Author(s): Smith, John Corson
Date of publication: October 1901
Volume number: 3
Issue number: 10
Pagination: 379-81

 
Citation
Smith, John Corson. “Memorial Tribute to Sir Knight William McKinley, Late President of the United States.” Masonic Voice-Review Oct. 1901 v3n10: pp. 379-81.
 
Transcription
full text
 
Keywords
William McKinley; William McKinley (personal history); William McKinley (as Freemason); resolutions (Masonic Veteran Association of Illinois); McKinley assassination (public response).
 
Named persons
Arthur B. Foster; Ida McKinley; William McKinley; J. B. T. Reed.
 
Notes
By John Corson Smith, Chicago.

From page 381: John Corson Smith, Venerable Chief.
 
Document

 

Memorial Tribute to Sir Knight William McKinley, Late President of the United States

     It is not our intention to write the biography of our lamented President, whose life has been an open book, resplendent with heroic achievements, love of country, love of his fellow man and affection for an invalid wife. A book in which there are no blots, no erasures and which requires no interlineations. His was the life of a true American, builded upon the civilization and christianity of the nineteenth century and one the guardian angel of mankind may look upon without a blush for any dereliction. He was a manly man, who, knowing his duty, dared to do it, whether upon the field of battle, in the halls of Congress or executive chair of state or nation. For that he died, being stricken down by a vile assassin who knew him not but as the ruler, the selected ruler of eighty million of the most enlightened and freedom loving people of this earth. A people whose very just and humane laws shielded and protected this vampire even when he deserved to be crushed and blotted from existence. Could a grander tribute be paid the majesty of the law than that which we have beheld in the treatment of this unpardonable assassin?
     It is of our loved President’s connection with the time honored and honorable order of Freemasons, of which, under peculiar circumstances, he became a member while battling under the flag of his country we would speak, that flag, which under his guidance has spread its folds over additional millions to whom the great boon of freedom had never before been known.
     The close of the war for the Union found Major William McKinley on duty in the city of Winchester, Virginia, where was located a confederate hospital. In making his rounds one afternoon as officer of the day, Major McKinley noticed a federal surgeon on very friendly terms with several of the confederate prisoners and asked the reason for this special interest. The surgeon informed him that they were brother Masons. He mentioned this fact at the mess table and said that he would like to become a member of a fraternity on which neither rank nor prison had the slightest effect. The wish of Major McKinley was at once made known to the officers of Hiram Lodge No. 21, of Winchester, a petition was given him which was made [379][380] out, presented and accepted.
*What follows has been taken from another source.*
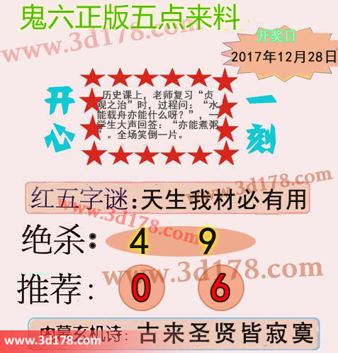 3d鬼六五点来料详解第2017355期:
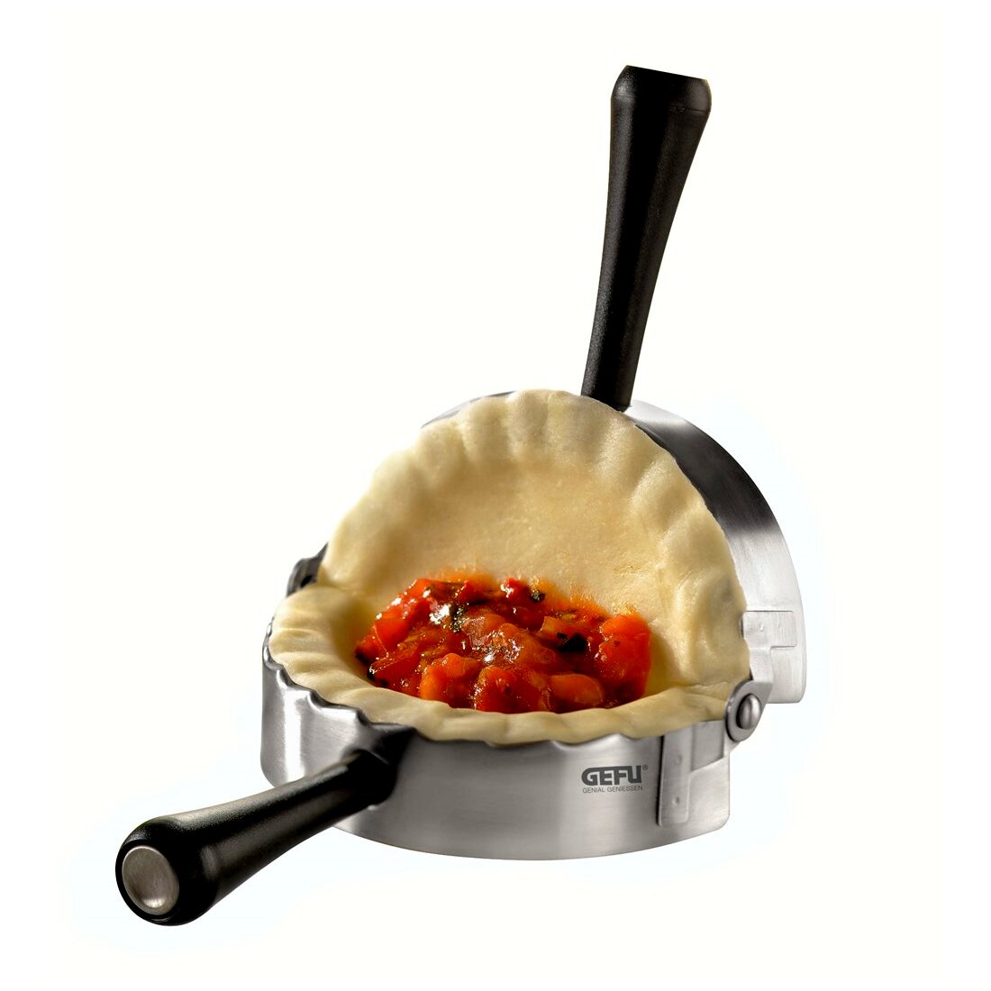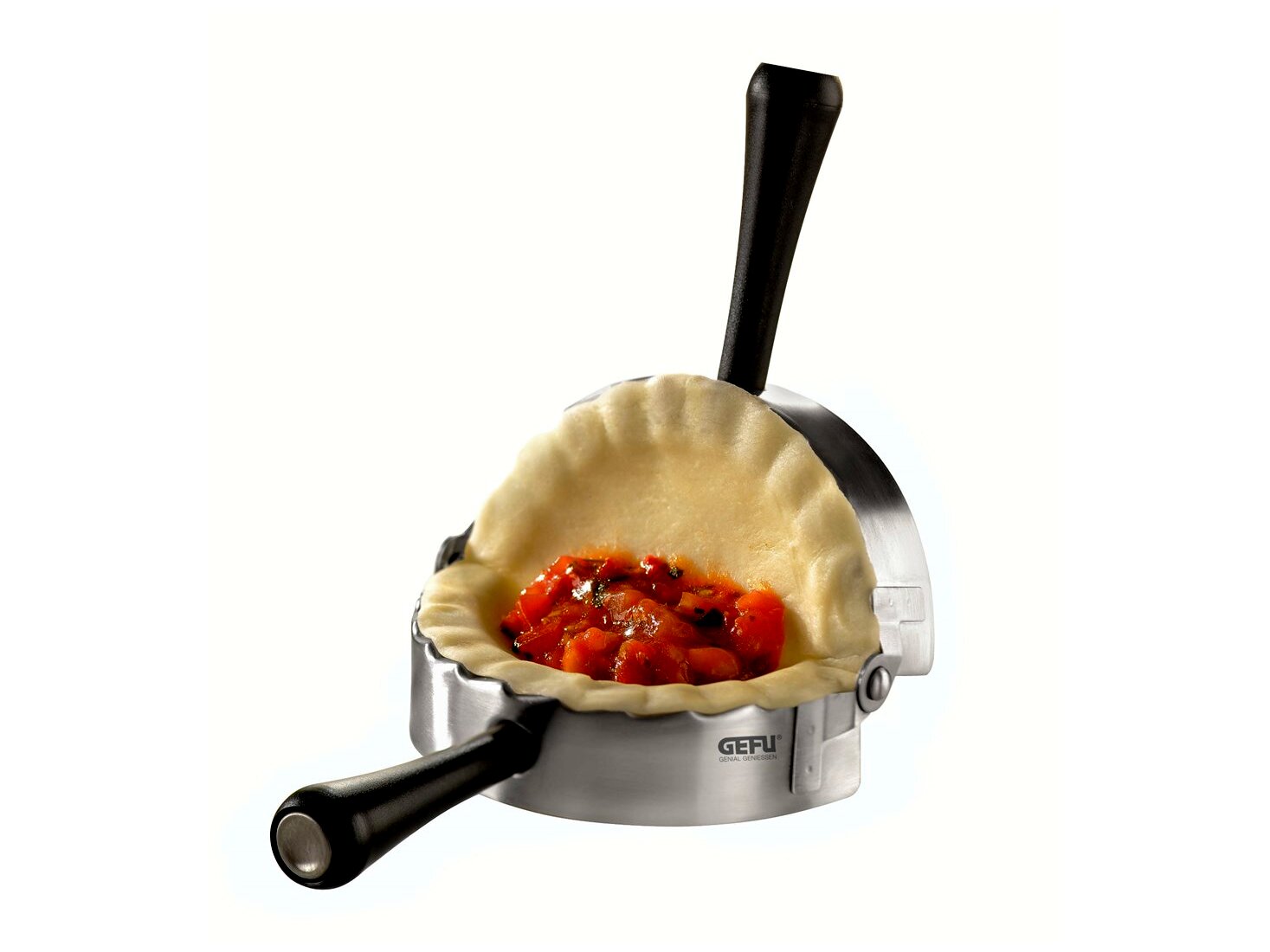 Praktikus forma friss ravioli vagy tésztafélék készítéséhez. Használja a forma alját a tészta kivágásához, helyezze a kivágott tésztát a forma belsejébe, majd töltse meg. Kenje meg a széleket tojásfehérjével, hajtsa össze, és már kész is. Ezután vegyük ki, és a szokásos módon süssük meg. A kiváló minőségű rozsdamentes acél és műanyag kombinációja mosogatógépben mosható.

On the night of May 1, 1865, at 7:30 o’clock, Major McKinley presented himself at the lodge for initiation. A confederate chaplain, J. B. T. Reed, was the W. M. of the lodge who conferred the Entered Apprentice degree upon him. On the following evening he was passed to the degree of Fellow Craft and at 3 o’clock on the afternoon of May 3, 1865, Brother McKinley was raised to the sublime degree of Master Mason, all in the same lodge.
     The war closed, Major McKinley returned to his home in Canton, Ohio, where on August 21, 1867, he affiliated with Canton Lodge No. 60, from which he dimitted to become one of the founders of Eagle Lodge No. 431, located at Canton. December 27, 1883, he received the degree of Mark, Past and Most Excellent Master in Canton Chapter No. 64, R. A. M., and the following evening he was exalted to the sublime degree of the Holy Royal Arch in the same chapter.
     December 18, 1884, while a member of Congress, Companion McKinley received the Order of the Red Cross, and five nights later the Orders of the Temple and Knight of Malta in Canton Commandery, No. 38.
     The bodies of which President McKinley became a member are located in the city of Canton, Ohio, and our valiant Sir Knight maintained as active a membership in each as his public duties permitted.
     At our President’s funeral in Canton, Ohio, the guard of honor which marched in front of his honored bier was the Grand Commandery of Ohio, under command of Sir Knight A. B. Foster, R. E., Grand Commander, escorted by 2,500 Templars of that grand jurisdiction.
     As a fitting conclusion to the foregoing we give the resolutions of the Masonic Veteran Association of Illinois, of which President McKinley was an honorary member.
     These resolutions have been tastefully engrossed on the finest vellum and bound in black seal skin, lined with white satin, the whole bound in album form on the front cover of which is a neat gold plate with the name Mrs. William McKinley neatly inlaid in dark enamel.
     These resolutions have been duly forwarded to Mrs. McKinley.

IN MEMORIAM.

     Whereas, The nation weeps and the world mourns the death of our martyr,

PRESIDENT WILLIAM MCKINLEY,

who fell at his post of duty. We, his brethren, members of the Masonic Veteran Association of Illinois, bowing with meek humility before the Throne of Grace, desire to place on record our appreciation of the manly and Christian virtues of

PRESIDENT WILLIAM MCKINLEY,

an honorary member of this association, and our condemnation of the act of the vile miscreant who dastardly murdered so amiable a character as the chief magistrate of this great republic. Therefore be it, Resolved: That in the shot which took the life of Brother McKinley, the happiness and welfare of eighty millions of people were imperiled and the life of the nation assaulted.
     And while the English language is not sufficiently strong to properly express our detestation of so vile an act [380][381] as that which deprived us of so just and humane a President, we do not seek for vengeance against the murderer, but we do hope that this loss will secure to us a code of laws, the execution of which will serve to repress all tendency towards anarchism and exterminate all such vile and inhuman wretches from the face of the earth.
     To the sorrowing and heart broken wife he loved so well, we pray our Heavenly Father that His blessing rest upon, abide with and give her strength to bear this great affliction.
     With a consciousness that “the nation still lives,” we humbly bow and ask that “God’s will, not ours, be done.”

Chicago, Sept. 14, 1901.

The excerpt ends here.